Coconut Cake



It’s not every day a girl gets to celebrate a prime number birthday – a coconut cake makes it that much sweeter! 

For the cake:

  • 1 (18.25) box white cake mix with pudding
  • 4 tablespoons butter, melted
  • 3 large eggs
  • 1 cup sour cream
  • 1 cup milk
  • 1 teaspoon coconut extract
  • 1 cup sweetened coconut
  1. Preheat oven to 350º and grease two 9-inch cake pans, set aside.
  2. In a large bowl with an electric mixer, combine all the ingredients – except for the coconut. Stir in coconut with a spoon, and divide batter evenly among the pans.
  3. Bake for 28 to 30 minutes, testing the center with a toothpick.
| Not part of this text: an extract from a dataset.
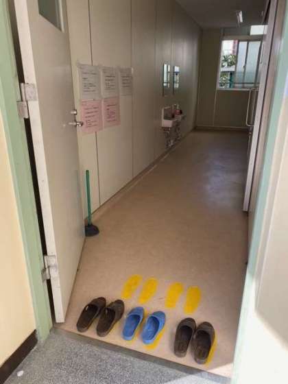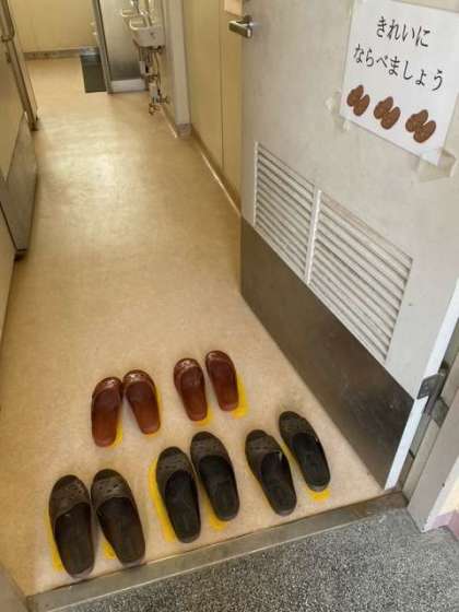 各トイレの出入り口の床にスリッパの足形を設置しました。数も3足から5足に増やし使いやすくしました。

Let cool on a wire rack for 15 minutes, then remove the cakes from pans and let rest on the rack until cool.

For the frosting:

  • 1 – 8 ounce bar of cream cheese, softened
  • 8 tablespoons (1 stick) butter, softened
  • 3 cups confectioner’s sugar
  • 1 teaspoon coconut extract
  • 2 to 3 tablespoons milk
  • 1 cup sweetened coconut
  1. In a large bowl beat cream cheese and butter together.
  2. Add confectioner’s sugar, coconut extract, and milk until well combined. You may need to scrape down the sides of the bowl.
  3. Frost cooled cake, and top with coconut, store in the refrigerator.